Next slide please. So what have we tried to do here and what does it mean for rare diseases? I'm hoping that we've achieved more clarity and consistency and transparency for stakeholders on how the criteria need to be met and how they can be applied. I hope that we're going to be able to achieve some predictability so that there's an early ability to predict which technologies could be eligible for the HST programme and then more efficiency in decision making. I know that there have been some frustrations by stakeholders around how much longer it takes for us to make these decisions and hopefully the criteria will provide us with a much more streamlined and faster process in terms of those decision making processes. Thanks very much, Jen over to you. Thank you Sheela, and thank you Lori and Heidi and so I think we can open the question and answer session now so I just invite all of the panellists to put their cameras on and get ready to take themselves off mute, you don't want to be the ones that speak whilst you're on mute and we do have a few questions coming through and I think someone came through quite early and I think Sheela you may have addressed some of those in your presentation anyway and there are a few themes around the question.
I tried and theme them together as much as I can so thinking about the first question Sheela, I'm going to come to you for this one and a few people have asked this question is what is the rationale for limiting the eligible population to 300? Thanks Jen, so it's been quite a challenging task to work out how to provide clarity for stakeholders in this criteria and those people who've had their fingers burnt in trying to do this will know how difficult it's been but what we've tried to do here is look at the past appraisals and evaluations that we've undertaken in HST both in those topics that were routed to HST and those that weren't. We've looked at current topics that are going through and future topics that may be entering into the HST programme, this has given us a really good flavour of the of the kinds of numbers that we would be expecting to see and based on that information is how we've come to this number. Now it may not be the perfect number and it's totally up for consultation so if there are alternative views, we are open to getting those views back. OK thank you Sheela. Jen can I just follow up on that slightly and I think it's always going to be difficult to find the right number but I think the feedback that we did have is that it would be really helpful to at least have numbers available and we know that there are challenges in actually getting accurate figures for those estimates and so it is going to be difficult but you know as Sheela said the paper tries to explain the rationale of how we've landed there both for one indication and for a technology that might have a number of indications but please feel free for the responses to consultations to advise us of that we you know we've tried to explain how we've got there and why it's reasonable also to have a number attached to it. Thank you Helen.

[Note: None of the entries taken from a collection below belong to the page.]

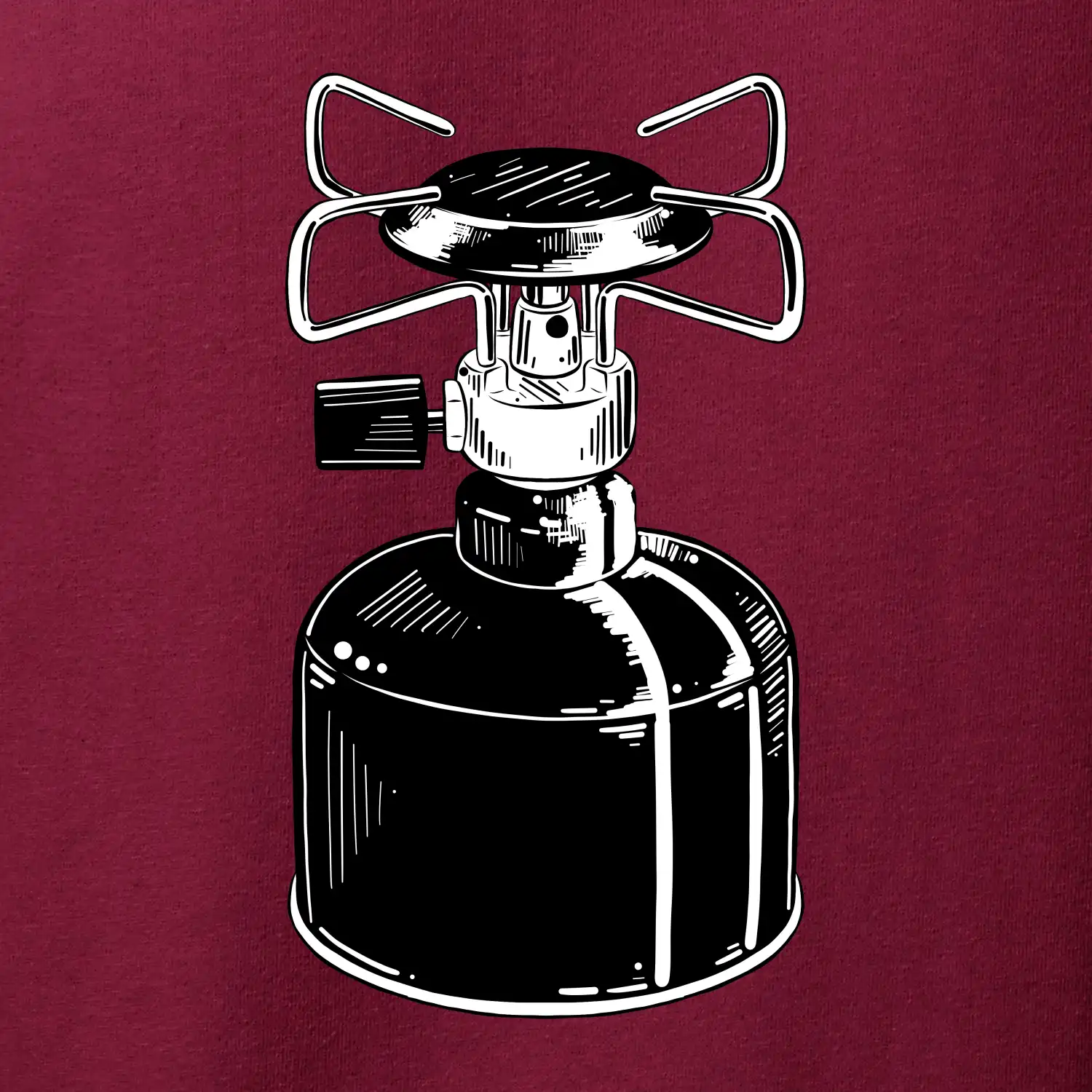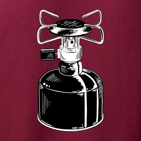 Tričko na kemping a pod stan, starý vařič.
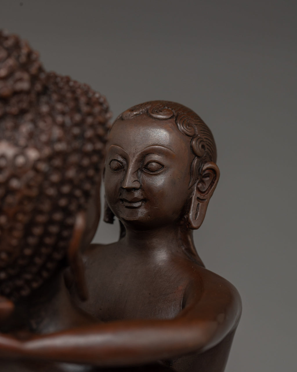 Samantabhadra, meaning "Universal Worthy," is the bodhisattva of practice, meditation, kindness, and action. He is often depicted seated with a consort in the dhyana mudra, forming a triangle hand gesture, symbolizing balance and spiritual harmony. With an ushisha (topknot) on his head, he embodies wisdom and enlightenment. Sitting on a lotus, representing purity, and with elongated earlobes, symbolizing wisdom and detachment, Samantabhadra exemplifies compassion, mindfulness, and virtuous action.
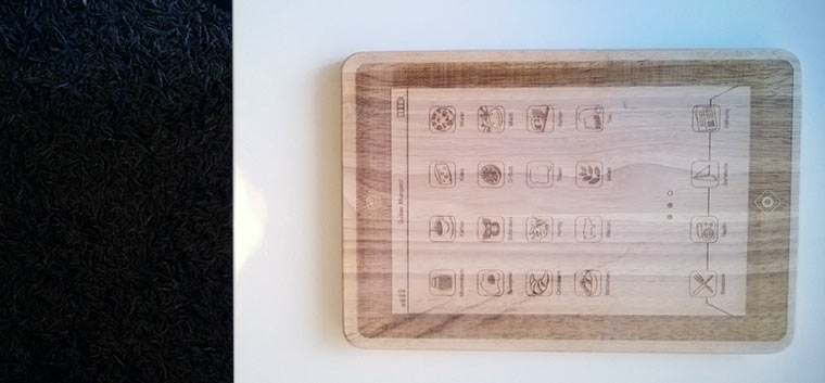 Hier ein Prachtstück. Das Frühstückspad hat nicht nur etliche Küchenapps auf dem Holzdisplay, sondern auch den eingravierten Wunschnamen auf der Rückseite. Stylisch, nützlich, gut.
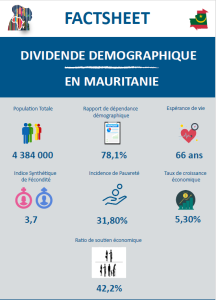 Le présent factsheet met en exergue la mesure du potentiel économique de la population en Mauritanie au regard de sa structure par âge. La dépendance économique, les contributions aussi bien des femmes que des hommes à la création du revenu du travail sont essentiellement mises en évidence. Le niveau exploité du potentiel économique de la population aussi bien des femmes que des hommes est renseigné par l’indice de suivi du dividende démographique. Enfin, il est décrit de manière probante comment sont alloués les ressources budgétaires au profit des politiques et programmes pour la capture du dividende démographique.
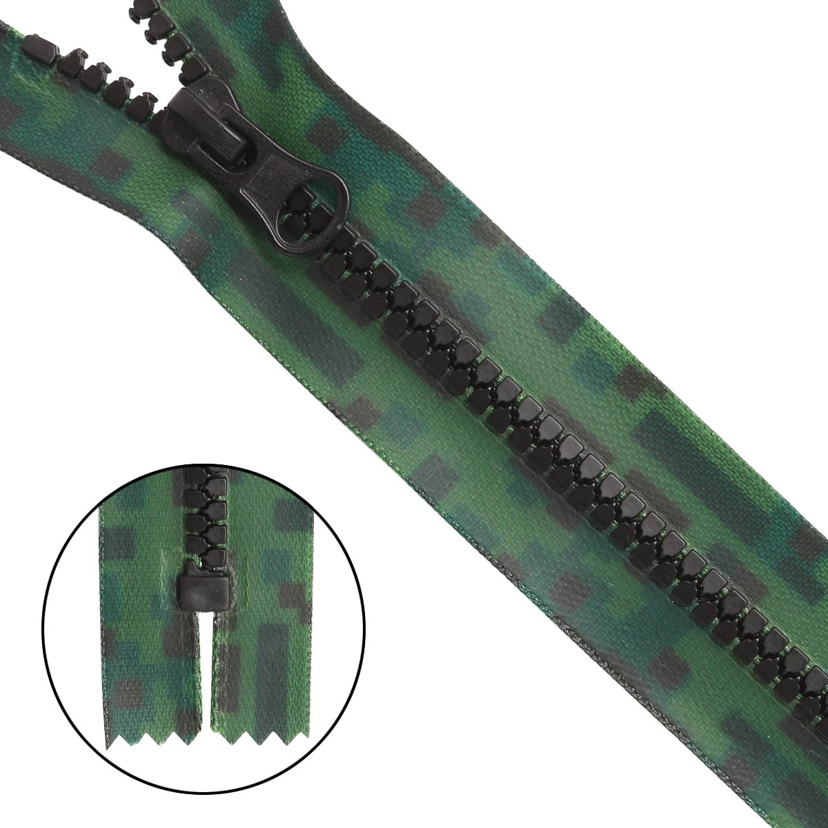 Молния трактор Т5 (5 мм) 1 зам., разъем., 18 см, декор. звено акулий зуб, принт Милитари, н/раз., хаки, 10 шт

Sheela there's a couple of other questions around the population sizes as well which I'll come back to you on if that's okay and this is more about the additional kind of restriction if you will or a number around one-off treatments for cell and gene therapies. Are you able to articulate why that's been set at a lower figure? Again, it's a similar response really Jen. We've looked at the technologies that we've seen come through that are one-off within the programme, that are currently in the programme and that are coming in on the horizon now obviously we can't predict what's coming much further away but we've looked about three approximately two and a half three years away and we've seen that the number of technologies that are coming through in that one-off space and the types of eligible populations we'd be looking at in those conditions are around that figure, so the analysis shows that that that's about the right figure in terms of setting the prevalent and the incident populations that we can see coming along in in the horizon going forward. So that again it's a similar rationale really that we've deployed here and as Helen said if that's inaccurate or if there's other evidence or information to show we should be thinking about that again then please, please feel free to feedback and give us evidence to support any changes that we should that we should consider. Thank you Sheela. Helen I'm going to come to you next. There are a couple
of questions about oncology products. Are oncology products now acceptable before routing into their highly specialised technologies programme? Thanks Jen, I mean what we've said in the consultation is that we will you know assess all technologies as to whether they're appropriate for the HST and that would include oncology products. That said you know it would have to meet all four criteria and because of you know the populations for whom the you know oncology treatments are um designed for we don't anticipate that there would be many that would actually meet all of those criteria and as they're laid out at the moment and I you know. So, looking forward yes we would consider them they're not automatically excluded from being considered for a HST. Thank you Helen.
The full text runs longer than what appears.